= Going to the Dogs =

1986 play by Wim T. Schippers

Going to the Dogs is a 1986 play by Dutch writer, artist, and television director Wim T. Schippers. It premiered on 19 September to a sell-out audience in the Stadsschouwburg in Amsterdam, with six German Shepherds, allegedly trained as actors by the Amsterdam police, as the performers. The play provoked national and international attention, and even drew protest from an animal rights group.

==Background==
Schippers, who had gained a reputation as an artist creating unusual works of visual art in the 1960s (for instance, his Pindakaasvloer consisted of a floor covered in peanut butter), conceived of the idea for the play in the early 1970s, and explained that the six dogs had been acquired as puppies and had received acting lessons from the Amsterdam police. The real spectacle, he said, was "the curious fact that people will actually come to the theatre to watch dogs eating, barking, urinating, fighting, sleeping and playing".

==Plot and acting==
The plot was called "familiar" in one review, and was described as "a Byzantine love story set in a rambling country manor": a young girl introduces her boyfriend to her parents, and plays up emotions like "love, jealousy, curiosity, and parental worries". The actors were prompted by "pieces of meat and cookies thrown into [sic] the appropriate direction". About the meaning of the dogs' acting, Schippers said that humans act on stage but "dogs remain normal. Thinking about that gives you a new perspective on the theater".

==Reception==
The play attracted national and international attention both before and after its sold-out 19 September 1986 premiere and provoked much controversy; questions were asked in Dutch parliament about why such an absurdist play received government subsidies. Not all were positive: reportedly some people (including the theater manager) left the performance early in dismay, and an action group, "The Underdog", protested against what they saw as animal abuse.

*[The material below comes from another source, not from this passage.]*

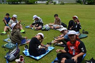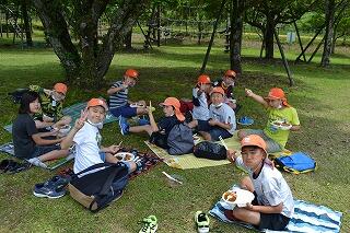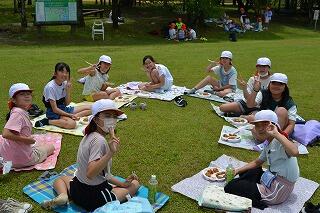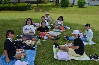 少し暑いですが、さわやかな風が吹く中グループでご飯を食べました。

A performance of the play was released in 2008 on the two DVD set of Schippers' television drama series Op zoek naar Yolanda (1984), along with the television productions Sans rancune (1987) and De bruine jurk (1988). In 2011, lead actress Ilja van Vinkeloord (1981–1996) was honored with a portrait in the Stadschouwburg's gallery, hung among portraits of such veteran Dutch actors as Kitty Courbois, Joop Admiraal, and Mary Dresselhuys.